Alex aka Magobin wrote:
On lun, 2006-04-03 at 14:18 -0700, George Holbert wrote:
>>Uhm...I can try, but in that case, is it possible that I've a problem
>>with replication ?
>
>I don't think so. I've noticed that replication agreements over SSL
>don't seem to care about hostname / CN matching, although they do check
>that the CA is trusted. If I have the wrong impression on this, someone
>please say so :).
>
>In your replication agreements, you'd still want to use the
>'nodo1.domain.example.com' or 'nodo2.domain.example.com' names, as
>'ldap.domain.example.com' would obviously not be specific enough.
>
today I tried to issue 2 server certs using the same CA...using the same
CN...I can make correctly the certs and in Manage Certificate I can see
both server certs with the same name...but when I try to establish ssl
encryption between servers:
NSMMReplicationPlugin -agmt="cn="Replication to
nodo1.domain.example.com""(nodo1:636): Simple bind failed, LDAP sdk
error 81 (Can't contact LDAP server), Netscape Portable Runtime error-
12276 (Unable to communicate securely with peer: requested domain name
does not match the server's certificate.)
Is there someone that use two server Fedora DS to authenticate clients?
Even if I can browse in clear mode FDS both on nodo1 and nodo2...in
encrypt mode only one can certificate my clients?
This isn't an SSL problem, it's a problem with the way you are trying to
use it.

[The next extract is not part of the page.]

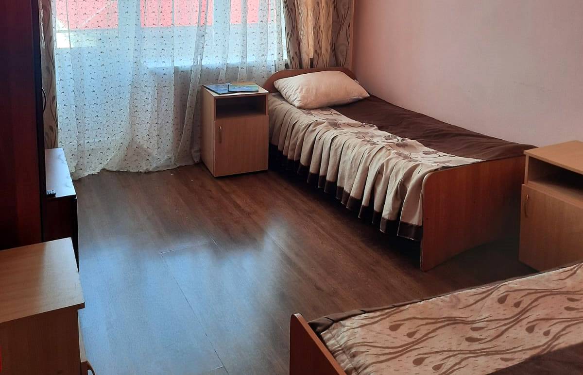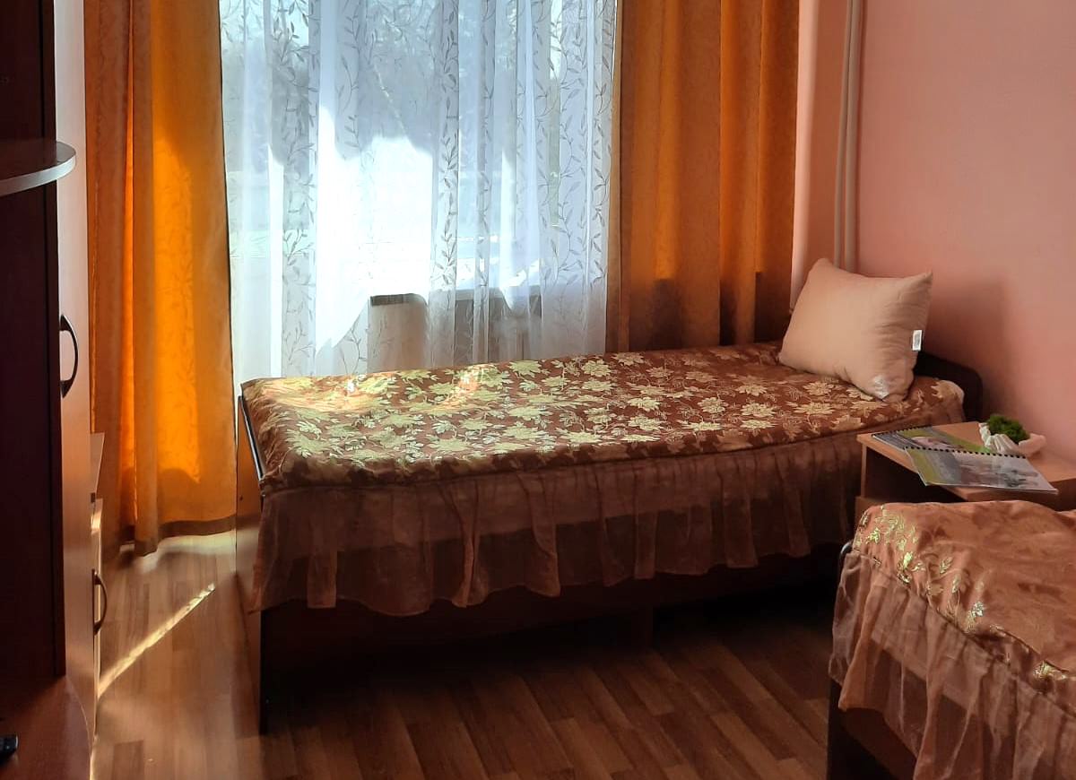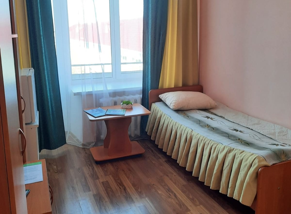 Площадь номера - 30 кв.м. 1 осн. место. Мебель: кровать односпальная, прикроватная тумбочка, столик журнальный, шкаф. Оборудование: телевизор, холодильник. Санузел на блок. Сервис: смена полотенец, смена постельного белья, уборка номера.

You are trying to present the world with a single directory
server and behind the scenes have 2 physical servers. Nothing wrong with
this but you were told a while back that this could be a problem.
You basically need your machine to answer to 2 separate things: its
"real" hostname and the "cluster" hostname.
As I see it, there are 2 ways to resolve this. I'm not a DS engineer so
I can't say which one is more plausible/possible, and there may be other
ways that I'm not seeing.
1. The easiest solution is to use a wildcard in the SSL server
certificate hostname:
CN=*.example.com. This is super ugly but should
work. Note that you'll never get a CA like Verisign to issue you a
wildcard server certificate. So if you are using your own self-signed CA
during testing and plan to get server certs later from another CA beware.
2. I wonder if it is possible to set up multiple listeners and assign a
separate SSL certificate to each one. Then you could have
CN=host1.example.com on say port 638 for replication and
CN=ldap.example.com on 636 for general use.
I don't know of #2 is even possible right now. #1 definitely is but has
issues. One of the reasons for SSL is to prevent man-in-the-middle
attacks. This is preceisely the problem you are having. SSL is detecting
that things aren't lining up like they should and preventing you from
continuing. While a wildcard certificate will get around this you must
understand that you are also giving up a certain amount of security.
It makes no difference if the data on the wire is encrypted if it is
going to be decrypted at the wrong place on the other end. Just remember
that there is a trade-off between security and convenience.